What I am realizing is, I can’t be tired or feel like I’m in crisis such that I’m only reacting. To be present, I need to feel rested and I need to be healthy. I will admit, I have never felt better emotionally and spiritually, but I really noticed during my curling game last night that I was on top of my game. I was not going to let the opponent’s grief or havoc affect how I was feeling and the quality of my play. They were not the most positive at moments during the game and I had to be clear about my boundaries, internally and externally. Thank goodness for rules in the game.

I was also brought into reflection during the game thinking to myself that I’ve been here before. The feelings were familiar. The difference was I would pause, support my team, and play my best (as I was ignoring the opponent, while being pleasant). I was not going to let them play into my sense of self efficacy and my performance. It was clear that I have to bring that mindset and way of being into my work and relationships. It’s ok for me to feel confident, be firm, and set clear boundaries. I don’t have to justify my actions, as long as I am playing within the rules of the game.

Gosh, I am so grateful for CURLING. I’ve learned so much about life and leadership from curling, and I appreciate that I continue to learn from the game. Even though it was only a game last night, it was a discrete life lesson of what’s possible and what I am able to do. I am strong and I can stand up for myself.
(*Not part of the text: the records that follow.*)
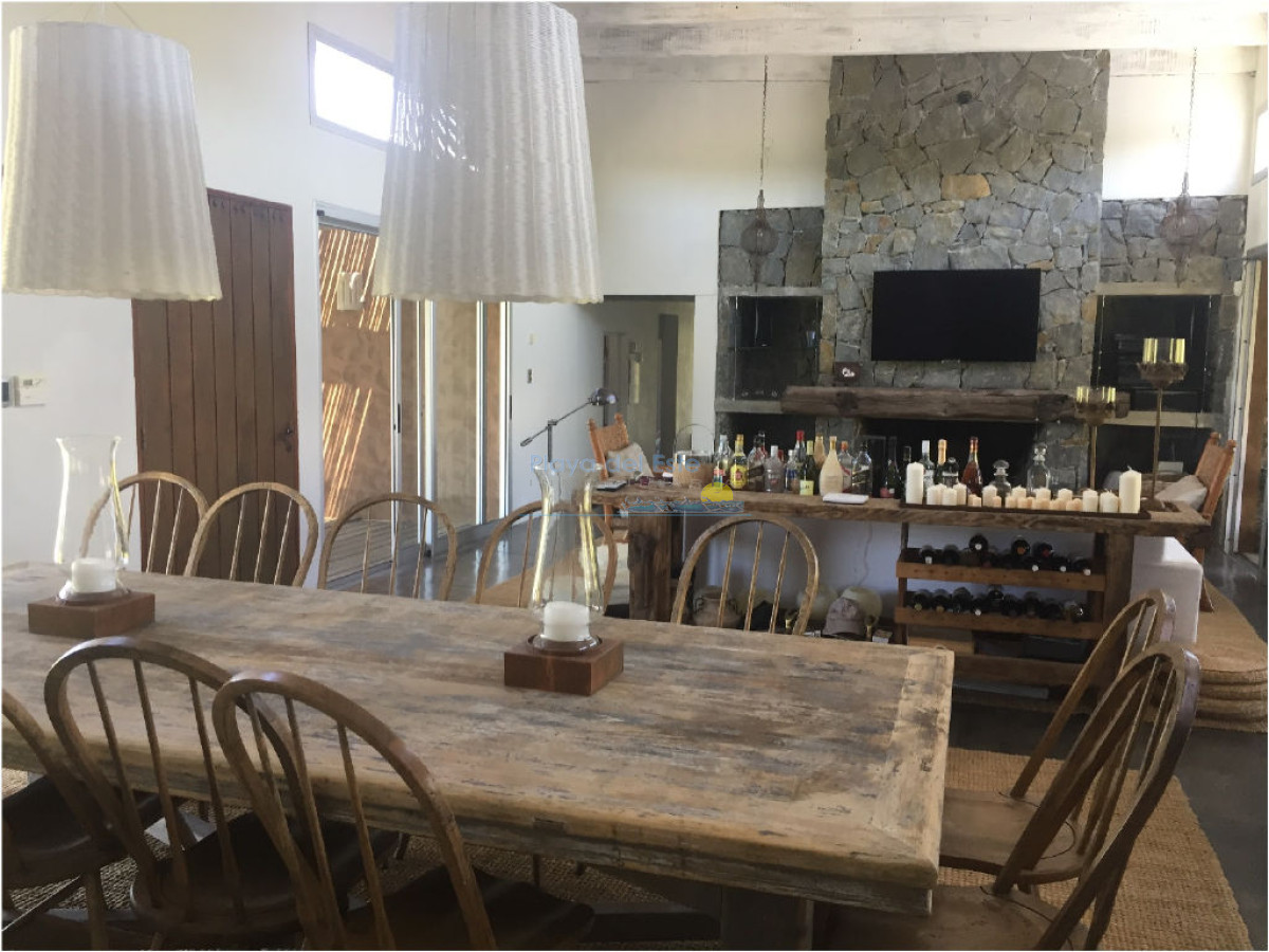 El interior de la casa combina materiales nobles y detalles rústicos con un diseño funcional y luminoso. Los espacios comunes, como el living y el comedor, se integran armoniosamente con la cocina, generando un ambiente cálido y acogedor, ideal para compartir momentos en familia o con amigos.
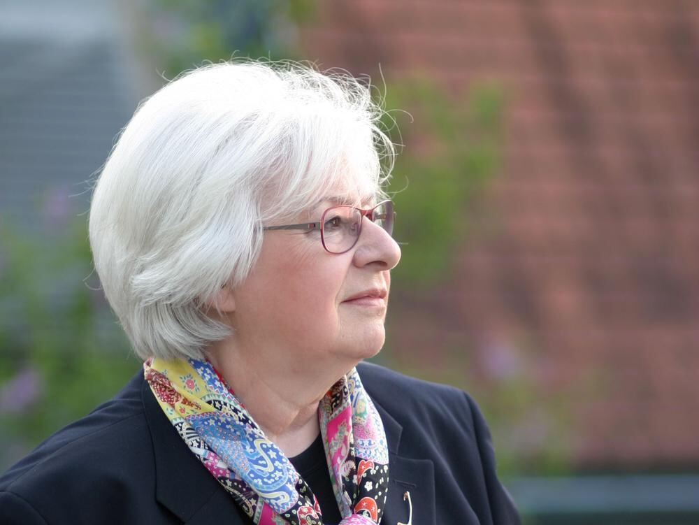 Sigrid Löffler vor der Lesung auf der Dachterrasse der Stadtbibliothek.
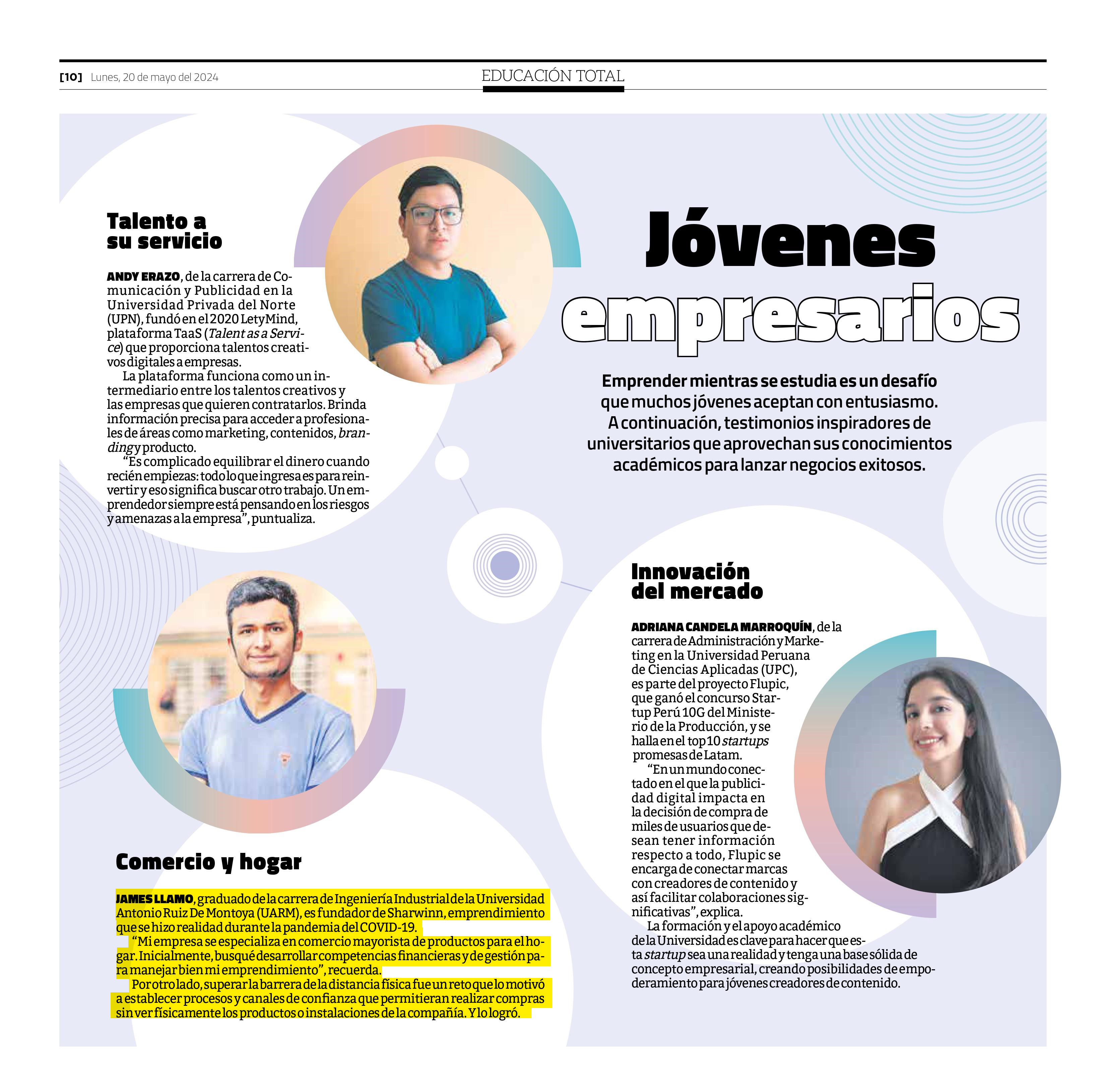 James Llamo, ingeniero industrial de la Universidad Antonio Ruiz de Montoya (UARM), brindó un testimonio a El Comercio sobre su emprendimiento Sharwinn, el cual hizo realidad durante la pandemia del COVID-19. “Mi empresa se especializa en comercio mayorista de productos para el hogar. Para manejar bien mi emprendimiento busqué desarrollar competencias financieras y de gestión, y aplicar en todo momento lo aprendido en las aulas”, expresó. Por otro lado, comentó que superar la barrera de la distancia física fue un reto que lo motivó a establecer procesos y canales de confianza que permitieran realizar compras sin ver físicamente los productos o instalaciones de la compañía. Y lo logró.

I can live with my integrity without having to question or self-doubt myself (as long as I willing accept full responsibility of the consequences and treat people with respect and compassion). I don’t have to compromise for the soul purpose of connection. I’m better than that.

I reached my max on Thursday, then attended a university sports fundraising event that night to the keynote speaker, Kaleb Dahlgren, best selling author and survivor of the Humboldt Broncos. His story was compelling and what I had learned from his story was, you are in control of how you respond and react to situations. It’s about perspective and your mindset. “Enjoy the Grind.” I had the opportunity to speak with Kaleb informally after his keynote and I asked him how he knew he was healed. He said, he has no more triggers. I get that. True freedom… and living with gratitude.